- [WORK REQUEST]
Under this line sits a listing. Repeat exactly and only its lines from the one holding "Magnetická tabulka jablko" through the one holding "犀牛君在B站首页搜索关键词时"; skip pictures.

+++ DATA LISTING +++

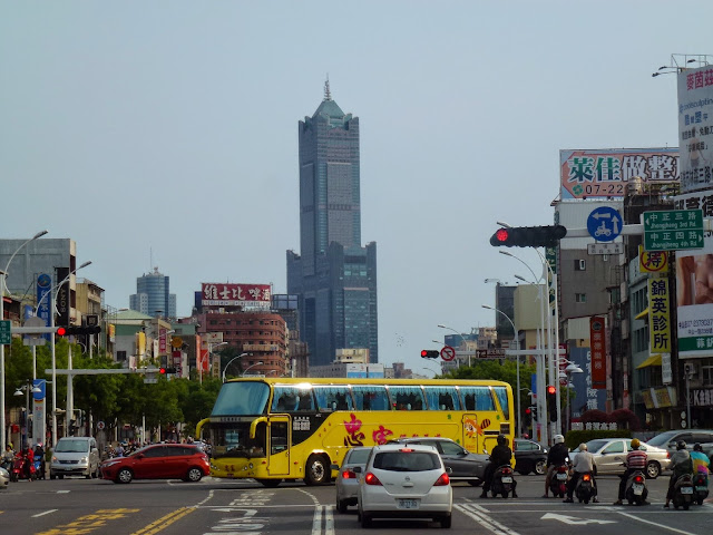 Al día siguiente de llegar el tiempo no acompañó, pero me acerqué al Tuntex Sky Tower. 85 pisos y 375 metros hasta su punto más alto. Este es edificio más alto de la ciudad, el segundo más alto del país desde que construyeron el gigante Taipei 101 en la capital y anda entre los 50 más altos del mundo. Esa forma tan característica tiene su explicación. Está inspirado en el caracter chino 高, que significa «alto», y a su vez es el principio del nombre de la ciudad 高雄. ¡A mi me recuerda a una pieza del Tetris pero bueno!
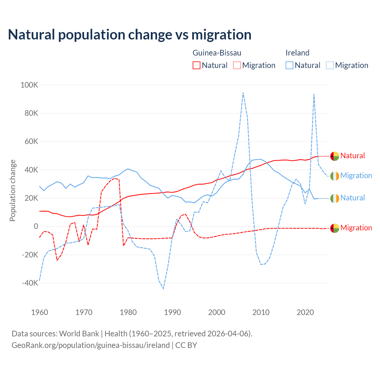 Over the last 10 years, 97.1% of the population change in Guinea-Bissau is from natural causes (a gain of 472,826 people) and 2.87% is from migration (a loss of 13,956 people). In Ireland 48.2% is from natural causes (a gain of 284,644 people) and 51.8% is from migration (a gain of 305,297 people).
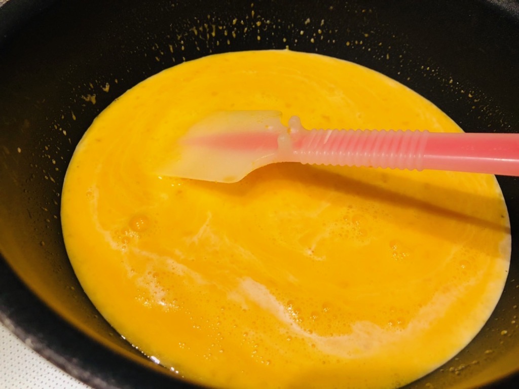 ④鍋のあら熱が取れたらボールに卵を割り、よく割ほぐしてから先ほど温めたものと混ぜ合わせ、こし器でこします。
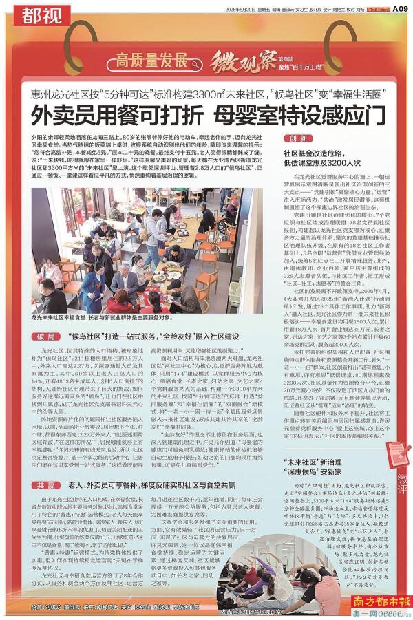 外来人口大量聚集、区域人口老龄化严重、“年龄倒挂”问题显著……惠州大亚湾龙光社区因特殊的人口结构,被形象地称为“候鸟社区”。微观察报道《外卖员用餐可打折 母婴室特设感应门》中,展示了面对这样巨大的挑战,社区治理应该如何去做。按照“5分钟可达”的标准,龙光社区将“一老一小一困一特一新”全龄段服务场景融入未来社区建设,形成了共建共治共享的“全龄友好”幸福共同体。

+++
+++ DATA LISTING +++

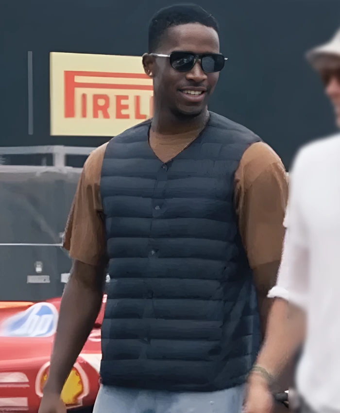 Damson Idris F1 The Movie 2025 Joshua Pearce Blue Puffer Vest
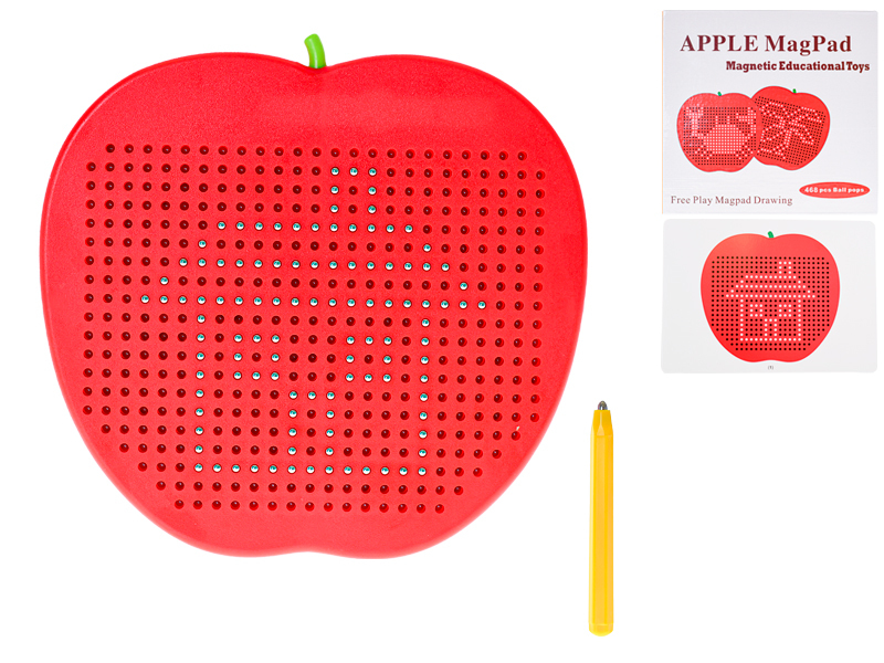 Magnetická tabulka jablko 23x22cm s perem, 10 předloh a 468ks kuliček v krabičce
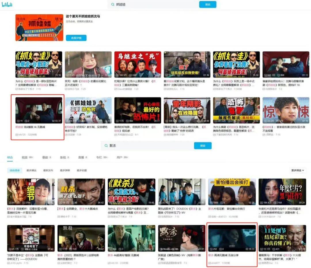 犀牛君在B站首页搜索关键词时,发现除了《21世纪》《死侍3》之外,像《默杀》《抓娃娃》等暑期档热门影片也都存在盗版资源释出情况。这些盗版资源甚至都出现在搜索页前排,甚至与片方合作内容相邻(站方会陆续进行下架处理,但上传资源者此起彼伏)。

+++

- [ANSWER SPACE]
 Magnetická tabulka jablko 23x22cm s perem, 10 předloh a 468ks kuliček v krabičce
 犀牛君在B站首页搜索关键词时,发现除了《21世纪》《死侍3》之外,像《默杀》《抓娃娃》等暑期档热门影片也都存在盗版资源释出情况。这些盗版资源甚至都出现在搜索页前排,甚至与片方合作内容相邻(站方会陆续进行下架处理,但上传资源者此起彼伏)。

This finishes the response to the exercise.